Data provided Start Marker

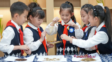 10月24日,孩子们在贵州安顺天龙屯堡古镇观看地戏表演。
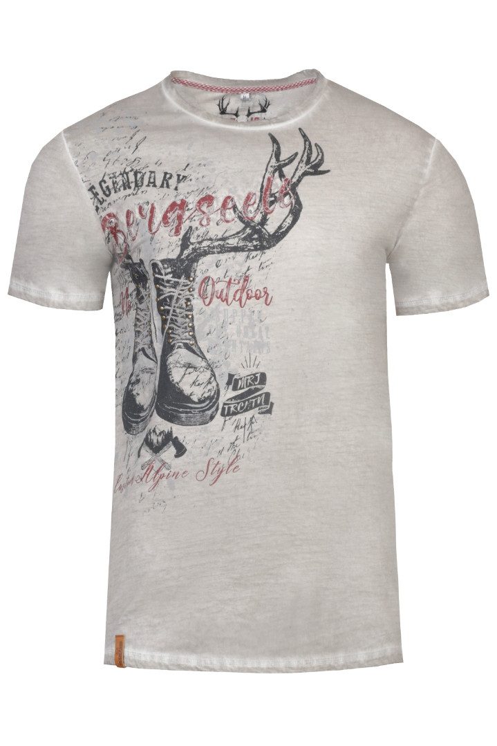 Das stylische kurzarm Herren Trachtenshirt Laurin in Schlamm, wird aus reiner, angenehmer Baumwolle in Jersey-Qualität gefertigt und hat allover einen angesagten Oil-Washed-Style mit feinen Bleach-Akzenten. Der Rundhals-Ausschnitt ist dezent abgesetzt und hat innenseitig hinten eine Karostoff-Borte als Besatz. Für den Blickfang sorgt oben rechts auf der Vorderseite der herrliche, große Wanderschuh-Print mit Geweih in Schwarz im gezeichneten Stil mit kernig gestickten Schnürsenkeln und messingfarbenen Flachnieten als Ösen. In Geweih-Höhe befindet sich der gedruckte Schriftzug "Bergseele" in Dunkelrot und die Kontur ist umstickt. Komplett wird das Motiv durch Schriftzüge in verschiedenen Schriftarten und Farben, durch den kleinen Banner unten rechts mit dem Marken-Kürzel, durch die aufgedruckten, gekreuzten Äxte mit einem Berg und Wald in Miniatur mittig unten sowie die Textteile in Handschrift in Schwarz und dezente, hellgraue Sprenkel im Hintergrund. Das fantastische Herrenshirt lässt sich fetzig zu Lederhose und Trachtenjeans kombinieren.
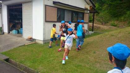 ウォークラリーの様子です。みさきの家の自然を観察しながら所内を探検しています。京都に比べて涼しいようですが,雨が心配です。
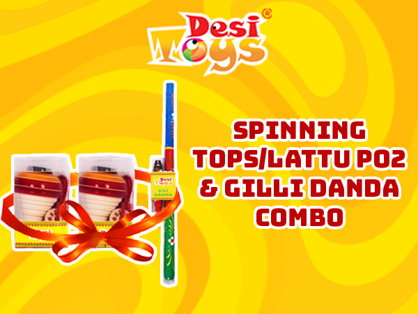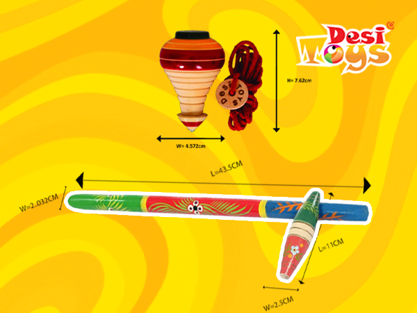 • Dimensions & Content : Spinning Tops/Lattu: 2 Wooden Spinning Tops each measuring 3"x1.8"x1.8" with cords / Gilli Danda: 1 Gili of 4.3 inches length and 1 big Danda of 16.5 inches with 1.7 inches diameter.
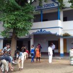 Road cleaning activity by the sevadal of the Dolgobindapur samithi at Koma High School. They are performing this activity with dedication & cheerfulness.
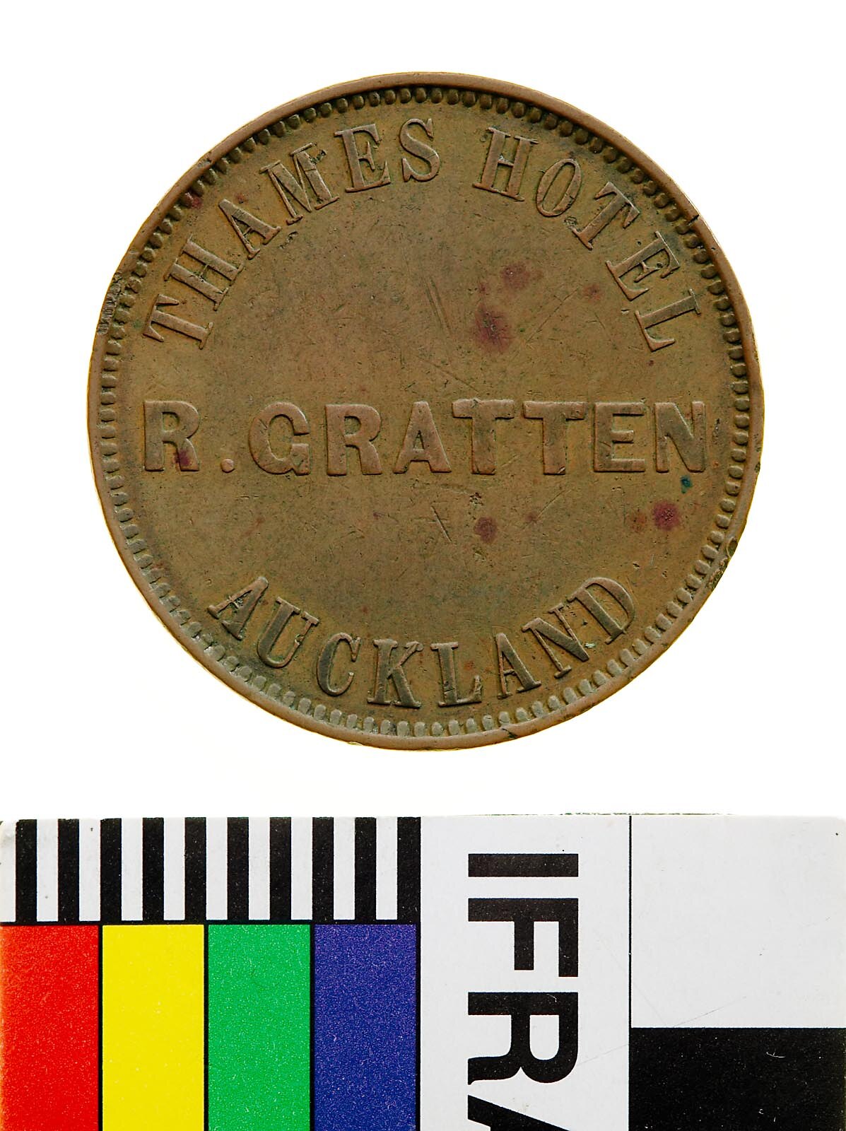 Bronze One Penny Token, mint unknown. Issued by R. Gratten, Thames Hotel, Auckland, 1872. The Thames Hotel, was run by R. Gratten in 1872. It stood at the corner of Queen and Customs Streets in Auckland. Robinson suggests that the name connects the hotel with the gold fields in New Zealand's South Island, and that fights between patrons at the end of the evening were a common event.
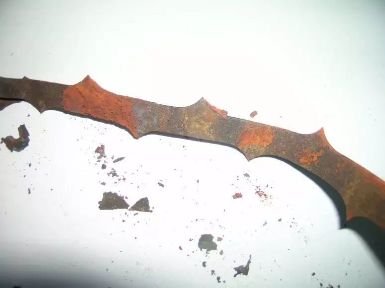 宏觀檢查發現,電除塵器極線發生嚴重的氧化腐蝕,呈深褐色和紅棕色,腐蝕產物剝落(見圖2),極線的寬度、齒高和厚度發生明顯變化。
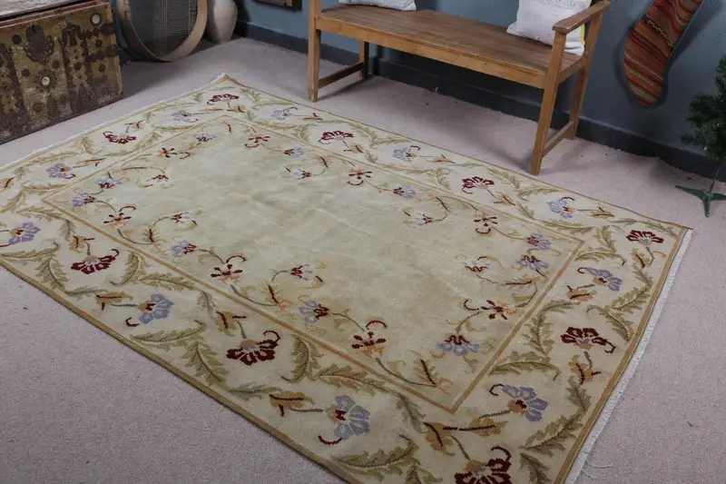 Zarif Yeşil ve Mor Halı, 5,4x7,9 ft Bordürlü Tasarım
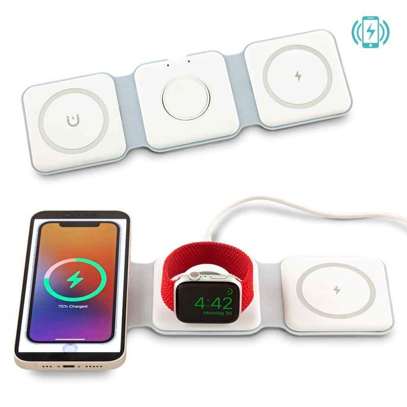Cargador inalámbrico plegable 3 en 1, en plástico y silicona. Con módulos de carga individuales para teléfono de 15W, reloj inteligente de 2W y audífonos de 5W. Compatible con dispositivos equipados con tecnología de carga inalámbrica. Empaque caja individual. Medidas Cerrado: 8 cm x 7.5 cm Marca: 4 cm / Láser (Yag)
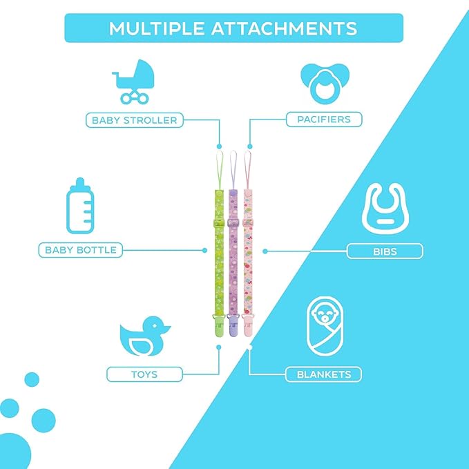 - Adjustable 32-46.5cm Starp for Multi-scene Use : Customize length in seconds! Securely attaches pacifiers/toys to strollers, car seats, diaper bags, and high chairs without tangling.
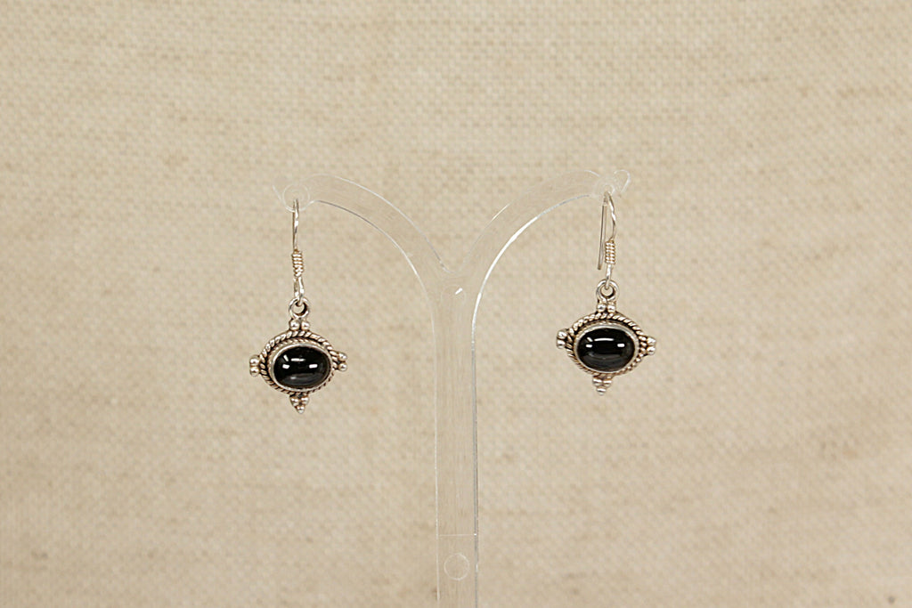 These pretty ’Suarti’-style Silver and dropper earrings are beautifully handcrafted, featuring oval cabochon Black Star Diopside stones framed by intricate silverwork with delicate silver ball detailing around the edge.
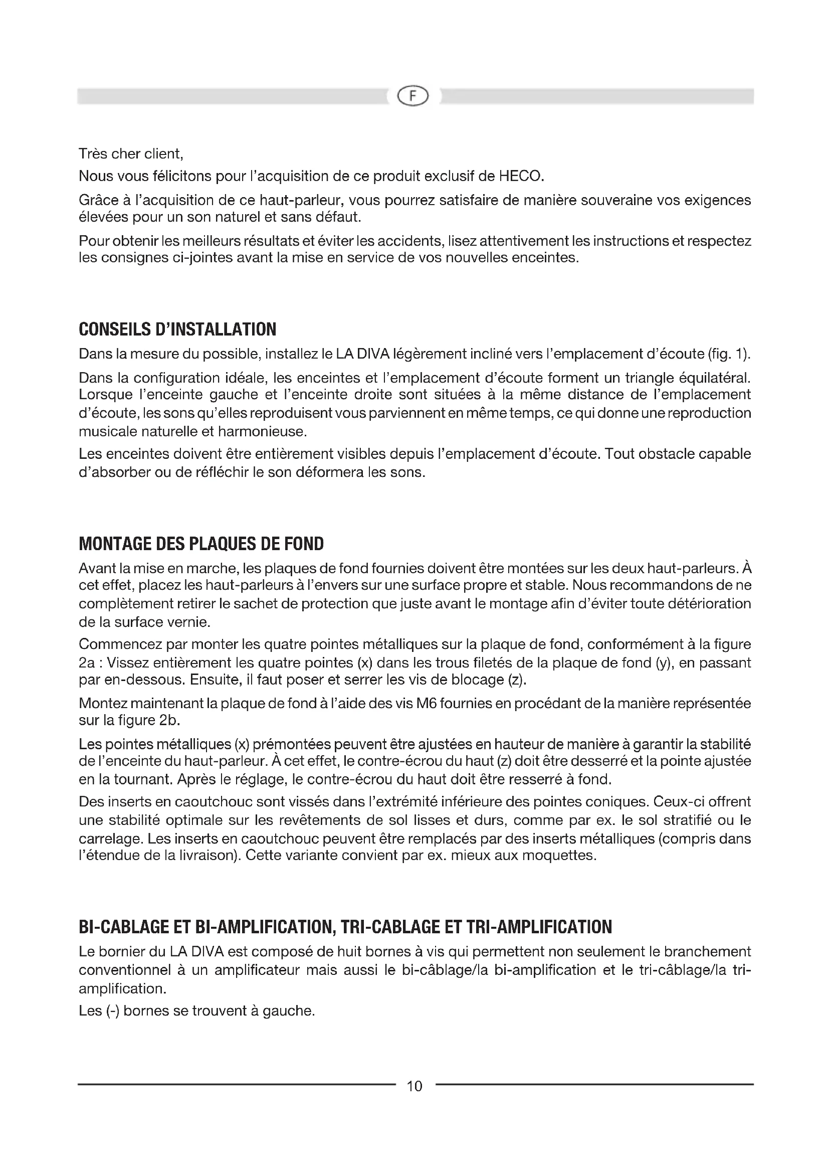Le bornier du LA DIVA est composé de huit bornes à vis qui permettent non seulement le branchement conventionnel à un amplificateur mais aussi le bi-câblage/la bi-amplification et le tri-câblage/la tri- amplification. Les (-) bornes se trouvent à gauche.11 Les bornes supérieures sont reliées à la voie tweeter, les bornes centrales à la voie médium du diviseur de fréquence et les bornes inférieures à la voie woofer. La borne de raccordement supplémentaire située en haut à droite permet d’augmenter les aigus de 2dB, et l’autre borne située au centre à droite permet de réduire les médiums de 2dB. Le réglage adéquat dépend de la salle, de la position des haut-parleurs et bien entendu des préférences personnelles. Dans les pièces fortement feutrées (dans lesquelles se trouvent par ex. de lourds meubles capitonnés et des rideaux), il est recommandé de régler le tweeter sur +2dB, et en cas d’installation près d’un mur et dans les pièces peu feutrées de régler le haut-parleur des médiums sur -2dB. Le bi-câblage signifie que les hautes et basses fréquences sont transportées par des câbles séparés. La bi-amplification nécessite un deuxième câble et un deuxième amplificateur de puissance. Le tri-câblage nécessite un troisième câble et la tri-amplification un troisième amplificateur. 4 câbles de pontage sont livrés avec l’appareil. Pour brancher l’appareil de manière conventionnelle, reliez les bornes des haut-parleurs avec les câbles de pontage en Y (1 cosse de câble et 2 fiches bananes) comme représenté sur les illustrations 3 a – d. Pour le bi-câblage et la bi-amplification, utilisez les autres câbles de pontage (1 cosse de câble et 1 fiche banane) comme représenté sur les illustrations 3 e – l. Pour le tri-câblage et la tri-amplification, aucun câble de pontage ne doit être branché. Le branchement à l’amplificateur/aux amplificateurs est représenté sur les illustrations 3 m – t. LE BRANCHEMENT DE VOS ENCEINTES HECO LA DIVA
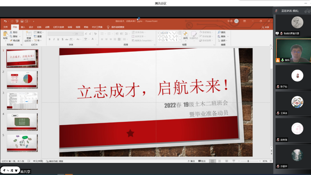 4月6日下午4时,2019级土木二班以线上会议的方式召开本学期第一次班会。会议由班长张政主持,班主任段抗出席,2019级土木二班全体成员参加。张政对近期疫情防控的注意事项和班级同学的未来规划进行说明。段抗强调了疫情防控的相关问题并提醒同学们提高网课期间的学习质量。他建议同学们做好今后的规划,对准备保研、考研、工作、出国留学的同学们做出动员,并对同学们的相关疑问进行了解答。此次班会进一步明确了同学们的奋斗方向,增强了班级凝聚力。

Data provided End Marker

Prompt: Set down the lines of the records above exactly, apart from the pictures.

Answer box:
 10月24日,孩子们在贵州安顺天龙屯堡古镇观看地戏表演。
 Das stylische kurzarm Herren Trachtenshirt Laurin in Schlamm, wird aus reiner, angenehmer Baumwolle in Jersey-Qualität gefertigt und hat allover einen angesagten Oil-Washed-Style mit feinen Bleach-Akzenten. Der Rundhals-Ausschnitt ist dezent abgesetzt und hat innenseitig hinten eine Karostoff-Borte als Besatz. Für den Blickfang sorgt oben rechts auf der Vorderseite der herrliche, große Wanderschuh-Print mit Geweih in Schwarz im gezeichneten Stil mit kernig gestickten Schnürsenkeln und messingfarbenen Flachnieten als Ösen. In Geweih-Höhe befindet sich der gedruckte Schriftzug "Bergseele" in Dunkelrot und die Kontur ist umstickt. Komplett wird das Motiv durch Schriftzüge in verschiedenen Schriftarten und Farben, durch den kleinen Banner unten rechts mit dem Marken-Kürzel, durch die aufgedruckten, gekreuzten Äxte mit einem Berg und Wald in Miniatur mittig unten sowie die Textteile in Handschrift in Schwarz und dezente, hellgraue Sprenkel im Hintergrund. Das fantastische Herrenshirt lässt sich fetzig zu Lederhose und Trachtenjeans kombinieren.
 ウォークラリーの様子です。みさきの家の自然を観察しながら所内を探検しています。京都に比べて涼しいようですが,雨が心配です。
 • Dimensions & Content : Spinning Tops/Lattu: 2 Wooden Spinning Tops each measuring 3"x1.8"x1.8" with cords / Gilli Danda: 1 Gili of 4.3 inches length and 1 big Danda of 16.5 inches with 1.7 inches diameter.
 Road cleaning activity by the sevadal of the Dolgobindapur samithi at Koma High School. They are performing this activity with dedication & cheerfulness.
 Bronze One Penny Token, mint unknown. Issued by R. Gratten, Thames Hotel, Auckland, 1872. The Thames Hotel, was run by R. Gratten in 1872. It stood at the corner of Queen and Customs Streets in Auckland. Robinson suggests that the name connects the hotel with the gold fields in New Zealand's South Island, and that fights between patrons at the end of the evening were a common event.
 宏觀檢查發現,電除塵器極線發生嚴重的氧化腐蝕,呈深褐色和紅棕色,腐蝕產物剝落(見圖2),極線的寬度、齒高和厚度發生明顯變化。
 Zarif Yeşil ve Mor Halı, 5,4x7,9 ft Bordürlü Tasarım
Cargador inalámbrico plegable 3 en 1, en plástico y silicona. Con módulos de carga individuales para teléfono de 15W, reloj inteligente de 2W y audífonos de 5W. Compatible con dispositivos equipados con tecnología de carga inalámbrica. Empaque caja individual. Medidas Cerrado: 8 cm x 7.5 cm Marca: 4 cm / Láser (Yag)
 - Adjustable 32-46.5cm Starp for Multi-scene Use : Customize length in seconds! Securely attaches pacifiers/toys to strollers, car seats, diaper bags, and high chairs without tangling.
 These pretty ’Suarti’-style Silver and dropper earrings are beautifully handcrafted, featuring oval cabochon Black Star Diopside stones framed by intricate silverwork with delicate silver ball detailing around the edge.
Le bornier du LA DIVA est composé de huit bornes à vis qui permettent non seulement le branchement conventionnel à un amplificateur mais aussi le bi-câblage/la bi-amplification et le tri-câblage/la tri- amplification. Les (-) bornes se trouvent à gauche.11 Les bornes supérieures sont reliées à la voie tweeter, les bornes centrales à la voie médium du diviseur de fréquence et les bornes inférieures à la voie woofer. La borne de raccordement supplémentaire située en haut à droite permet d’augmenter les aigus de 2dB, et l’autre borne située au centre à droite permet de réduire les médiums de 2dB. Le réglage adéquat dépend de la salle, de la position des haut-parleurs et bien entendu des préférences personnelles. Dans les pièces fortement feutrées (dans lesquelles se trouvent par ex. de lourds meubles capitonnés et des rideaux), il est recommandé de régler le tweeter sur +2dB, et en cas d’installation près d’un mur et dans les pièces peu feutrées de régler le haut-parleur des médiums sur -2dB. Le bi-câblage signifie que les hautes et basses fréquences sont transportées par des câbles séparés. La bi-amplification nécessite un deuxième câble et un deuxième amplificateur de puissance. Le tri-câblage nécessite un troisième câble et la tri-amplification un troisième amplificateur. 4 câbles de pontage sont livrés avec l’appareil. Pour brancher l’appareil de manière conventionnelle, reliez les bornes des haut-parleurs avec les câbles de pontage en Y (1 cosse de câble et 2 fiches bananes) comme représenté sur les illustrations 3 a – d. Pour le bi-câblage et la bi-amplification, utilisez les autres câbles de pontage (1 cosse de câble et 1 fiche banane) comme représenté sur les illustrations 3 e – l. Pour le tri-câblage et la tri-amplification, aucun câble de pontage ne doit être branché. Le branchement à l’amplificateur/aux amplificateurs est représenté sur les illustrations 3 m – t. LE BRANCHEMENT DE VOS ENCEINTES HECO LA DIVA
 4月6日下午4时,2019级土木二班以线上会议的方式召开本学期第一次班会。会议由班长张政主持,班主任段抗出席,2019级土木二班全体成员参加。张政对近期疫情防控的注意事项和班级同学的未来规划进行说明。段抗强调了疫情防控的相关问题并提醒同学们提高网课期间的学习质量。他建议同学们做好今后的规划,对准备保研、考研、工作、出国留学的同学们做出动员,并对同学们的相关疑问进行了解答。此次班会进一步明确了同学们的奋斗方向,增强了班级凝聚力。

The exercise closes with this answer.